Qualcomm Technologies and Google announced this week that they are expanding an existing partnership to include the creation of a new wearables solution for use with Google’s Wear OS that will be based on the increasingly popular RISC-V architecture.
The announcement comes as Qualcomm may be looking to side-step some of its future reliance on Arm IP in favor of RISC-V, an open-source instruction set architecture that can be leveraged to create chips for a variety of devices.

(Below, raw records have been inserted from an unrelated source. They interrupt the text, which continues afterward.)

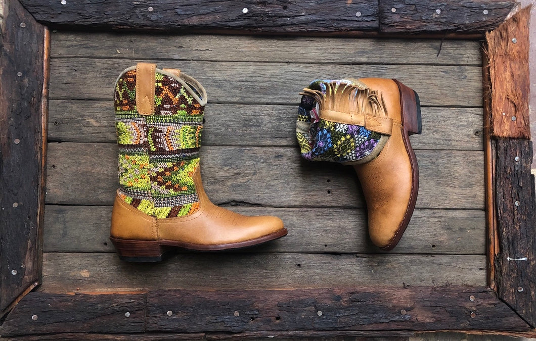 These "two-in-one" boots can be worn as Cowgirl Boots or rolled down as Ankle Boots. Handmade by an Indigenous Guatemalan family of shoe-makers with three generations of experience, these boots have compressed leather soles which can be resoled and can last up to 30 years if cared for well.
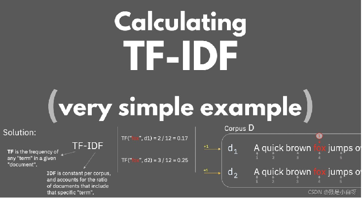 TF-IDF (Term Frequency-Inverse Document Frequency), 即詞頻-逆文件頻率是一種用于信息檢索與數據挖掘的常用加權技術. TF-IDF 可以幫助我們挖掘文章中的關鍵詞. 通過數值統計, 反映一個詞對于語料庫中某篇文章的重要性.
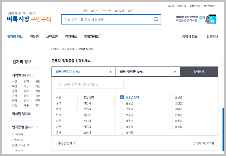 구인구직을 클릭을 하면 위와 같은 화면이 나오게 됩니다. 군 전체뿐만 아니라 읍면 단위로도 확인을 할 수 있습니다. 그 외에도 홍성 벼룩시장 신문은 다양한 정보를 취급하고 있습니다.
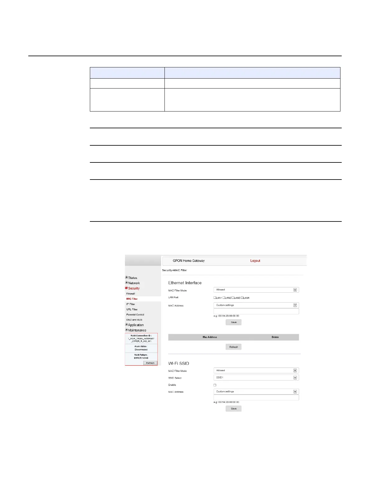 1 Select Security > Mac Filter from the top-level menu in the GPON Home Gateway window,
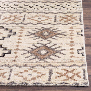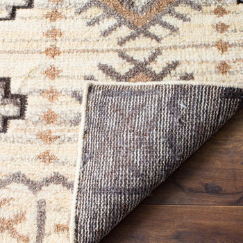 The rug features a captivating pattern that pays homage to its cultural roots, displaying symmetrical designs and tribal motifs in a tasteful camel color palette. The neutral tones are versatile, ensuring this piece can integrate seamlessly into various interior design themes, from contemporary to traditional.
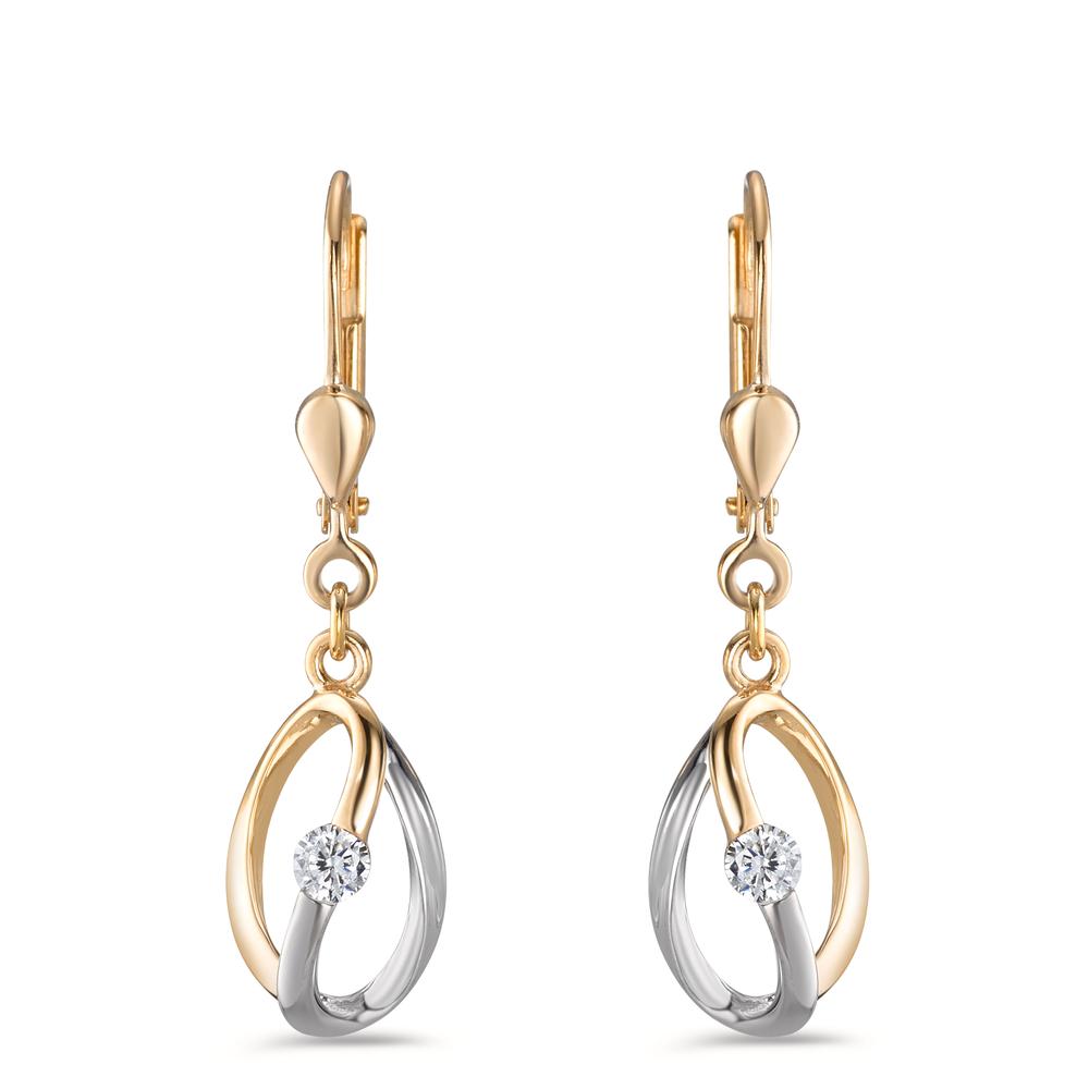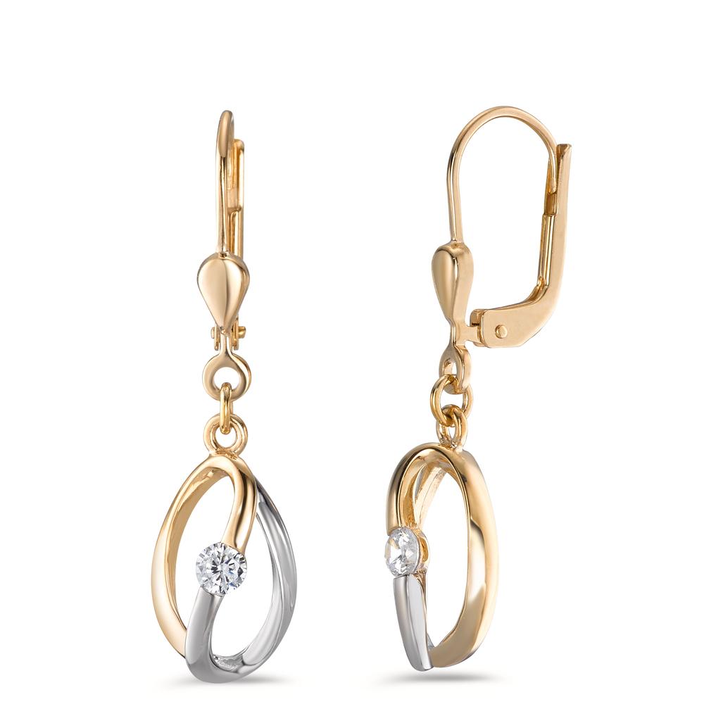 Ohrhänger 375/9 K Gelbgold Zirkonia 2 Steine bicolor

Amid legal jousting with Arm over changes in licensing practices, Qualcomm has started to embrace RISC-V, including aligning with Google, Intel, and others in the RISC-V Software Ecosystem last spring, and joining NXP and Bosch, among others, to invest in a RISC-V hardware joint venture back in August.
The RISC-V Snapdragon Wear offering from Qualcomm is believed to be the first RISC-V-based solution for an Android operating platform.
Jack Gold, president and principal analyst of J. Gold Associates, has been following these RISC-V moves, and said in a LinkedIn post that the expanded collaboration between Qualcomm and Google is likely a “direct result” of the Arm licensing dispute, which could continue to drive Arm licensees toward RISC-V.
He added, “While RISC V is not yet ready for higher end processing and replacing things like smartphone processors and servers, at least not yet, it is clearly powerful enough for smaller devices like wearables and IoT devices.”
He further stated that over the next few years, RISC-V could climb up through the device and market food chain to become a significant competitor to Arm, “...and we expect Qualcomm to continue to expand its Snapdragon platform with RISC-V components.”
As tantalizing as that sounds, the new plan for wearables based RISC-V is for now pretty thin on details, with Qualcomm and Google not saying much about new devices or when the market might see them.
A statement from the companies called the arrangement “a milestone” in the ongoing development of a commercial ecosystem fr RISC-V, but added, “Commercial product launch of the RISC-V wearable-based solution timing will be disclosed at a later date.”
“We are excited to leverage RISC-V and expand our Snapdragon Wear platform as a leading silicon provider for Wear OS,” said Dino Bekis, vice president and general
manager, Wearables and Mixed Signal Solutions, Qualcomm. “Our Snapdragon Wear platform innovations will help the Wear OS ecosystem rapidly evolve and streamline new device launches.”